Honestly, I don’t have a witty introduction for you this week. The upside is that they generally aren’t that good to begin with. I’m not going to even fake it. Let’s talk about some stories.
The health inspector scam has spread to North Carolina. Now they have some interesting ideas on why this scam is happening. If you have been following this story, this will help put together the missing pieces. (Jackson, NC)
A homeless man riding a bike carrying a recycling bin full of pork chops late at night would get me attention. It grabbed this police officers attention too. Unfortunately, it did not grab enough of his attention. File this one under really bad police work. (Fort Pierce, FL)
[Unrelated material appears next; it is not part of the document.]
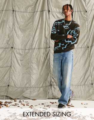ASOS DESIGN – Brun stickad tröja med handmålat ansikte

College kids go into McDonalds to get food. They are given dog biscuits mixed in with their food. Oddly enough, they were able to tell the difference. (Westfield, MA)
If someone orders over 150 pizzas from your shop, you should get payment in advance. This even applies if the person is wearing a backstage pass to a Bob Dylan show. So many punch lines here, but I think my favorite is “How does it feel? To be out some dough. With no working phone. Credit card a complete unknown. With pizza cold as stone.” (Amherst, MA)
It is a bad idea to rob people. Especially when you do not know whom the person is you are robbing. I think the winner of the unlucky lottery in this category has to be the guy who robs the sheriff’s wife. (West Memphis, AR)
The ability to add open modifiers to tickets made working in a restaurant much easier. It sure beats memorizing numbers to enter modifiers. Some ticket customizations are sure to get you fired though. This is one of them. (Los Angeles, CA)
I have written in the past about cities with ridiculous zoning and licensing laws. Sometimes they do serve a purpose though. Looking over the rap sheet for this restaurant makes me think that they need more than their liquor license suspended. (Washington County, CA)
This week I do not have a story to report out of South Carolina about “The Great Chinese Restaurant Robbery Spree of 2010.” I do have reason for hope though. Police in Kentucky have arrested a man for robbing 16 restaurants. Can we please send these detectives to South Carolina for a bit. (Lexington, KY)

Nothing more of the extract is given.